Typically, language models are trained to work with text, and then components for processing images or sound are «bolted on». This approach works, but not always seamlessly; the model can lose some meaning when switching between modalities or require extra processing steps.
Qwen3.5 has taken a different path. From its inception, it was trained to perceive different data types as part of a single process. Simply put, for this model, text, images, and audio are not separate «languages» but natural ways of expressing information. This allows the model to better understand context when information is received in various formats simultaneously.
What Native Multimodality Means
Why Is This Necessary?
The idea is to move closer to the operating principles of agents – programs that can perform tasks in a real-world environment. It's not enough for an agent to simply answer a question. It needs to see an interface, hear commands, read instructions, and act on all this information simultaneously.
If a model is designed from the ground up to process all of this together, it becomes more advantageous for such scenarios. For example, it can analyze an application screenshot, listen to a user's voice command, and suggest the next step – all without switching between modes, working in a single, unified flow.
Why Native Multimodality is Necessary
What Can Qwen3.5 Do?
The model is trained to work with three main data types:
- Text: like any language model.
- Images: it can analyze content, describe objects, and understand scenes.
- Audio: it recognizes speech and sounds and can use them to understand context.
Moreover, Qwen3.5 doesn't just process each modality separately; it attempts to combine them. For instance, if you provide it with an image containing text and ask a question vocally, it can use all three sources to formulate an answer.
Qwen3.5 Capabilities: Text, Images, and Audio
Open Weights and Availability
Alibaba has released the model with open weights. This means developers can download it, study it, use it in their projects, or fine-tune it for specific tasks. For researchers and teams working on agents or multimodal applications, this is crucial: there's no need to wait for an API or pay for access – you can start experimenting right away.
Open weights also allow the community to evaluate how well native multimodality performs in practice. This isn't just a marketing claim – it can be verified independently.
Qwen3.5 Open Weights and Availability
What's Next?
Qwen3.5 is the first model in the Qwen3 lineup, but it's unlikely to be the last. Alibaba calls it a step toward «native multimodal agents», which sounds like a long-term goal. More versions will likely follow – perhaps with more parameters, improved accuracy, or support for additional modalities.
It's still unclear how well the model handles complex agent-based tasks in real-world conditions.
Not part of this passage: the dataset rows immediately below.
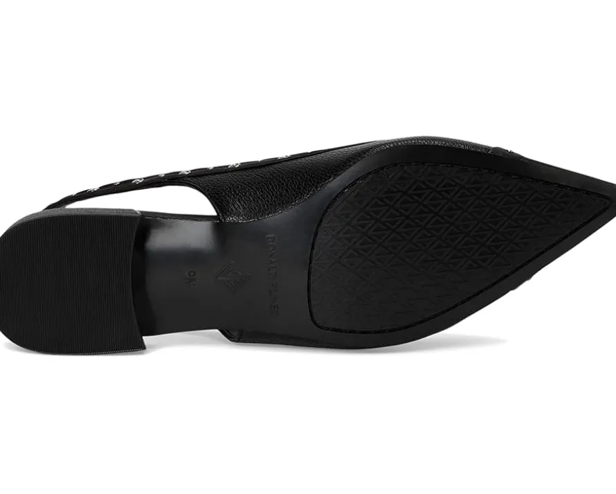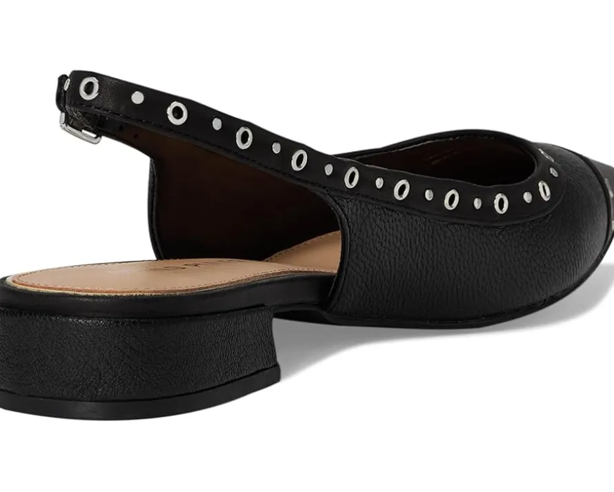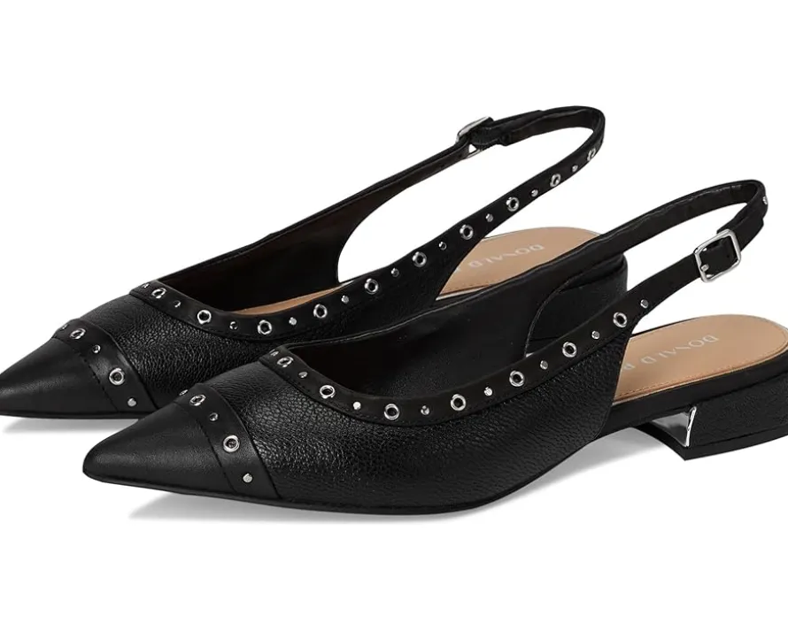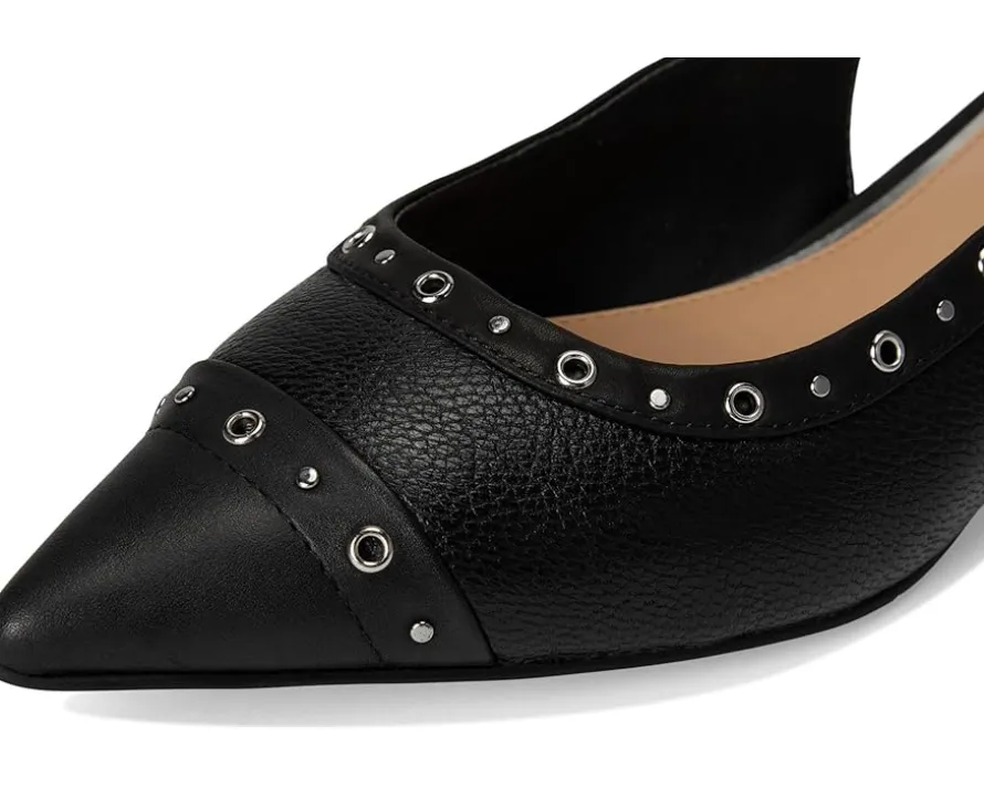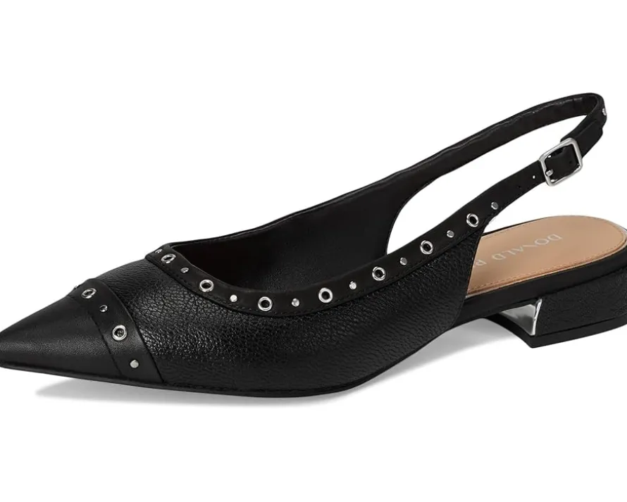 - The Donald Pliner® Lavinah studded slingback flat is the perfect fusion of modern edge and timeless sophistication. Crafted with a smooth leather upper, it features stud detailing that adds a rebellious yet refined touch. The pointed toe and low block heel create a polished silhouette, while the buckle adjustable slingback strap ensures a secure and comfortable fit.
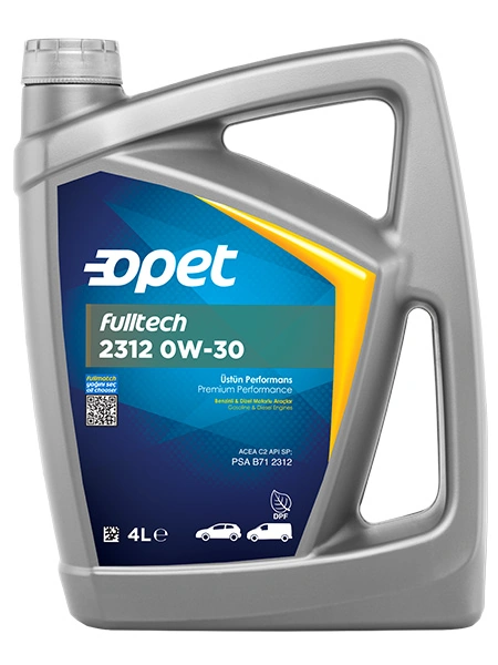 Повністю синтетична моторна олива Opet Fulltech 2312 0W-30, розроблена для сприяння високій економії пального. Відповідно олива малов’язка, а для утримання екологічних параметрів було знижено її зольність (середньозольна група). Відповідає вимогам до продуктивності бензинових та дизельних двигунів автомобілів останнього покоління групи PSA.
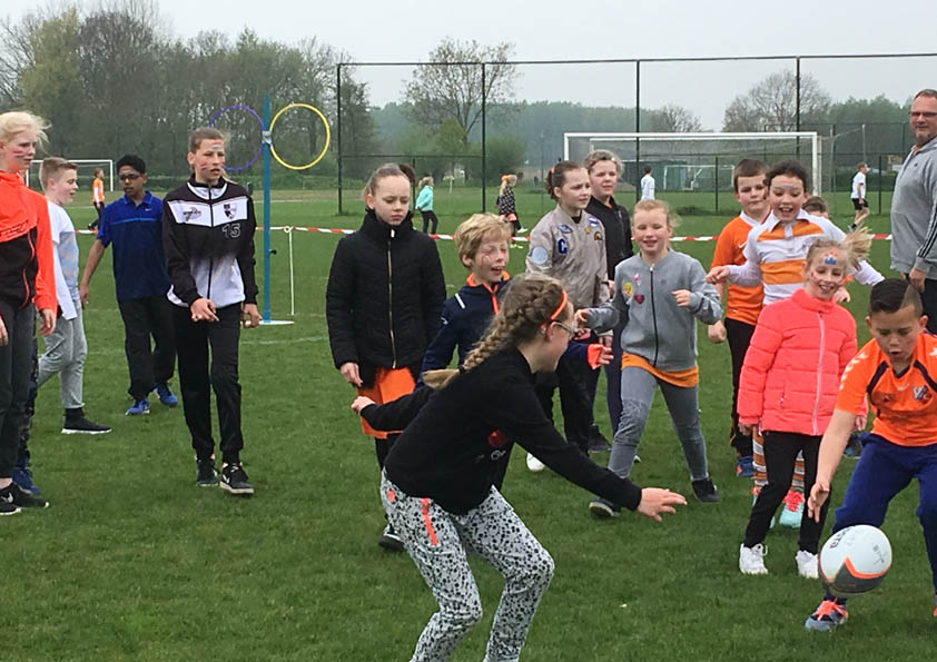 Na het gezellige ontbijt begonnen de kinderen aan een sportieve dag. De jongste bleven op school waar een prachtige stormbaan was uitgezet. De hogere groepen kwamen in actie op de JSV velden met allerlei balspellen. Het was weer een feestelijke dag op Lucas Galecop waar samen sporten, elkaar aanmoedigen en vooral veel plezier hebben de sleutelwoorden waren. Leerlingen waren opgeroepen om in het oranje of rood, wit en blauw naar school te komen.

Native multimodality is an architectural advantage, but the final quality depends on the data it was trained on and how it behaves in unexpected situations.
What's Next for Qwen3.5 and Multimodal Agents
Who Is This For?
Qwen3.5 may be of interest to those working on projects that require combining multiple data types:
- Developers of agents and assistants that need to interact with interfaces and users simultaneously.
- Researchers studying multimodal models and their capabilities.
- Teams creating content analysis applications, such as for video processing, where images, sound, and text are all important.
For the average user, this is still more of a glimpse into the future. But if the trend toward native multimodality continues, we might soon see assistants that understand context much better than they do now – not because they were taught each skill separately, but because they are designed differently from the ground up.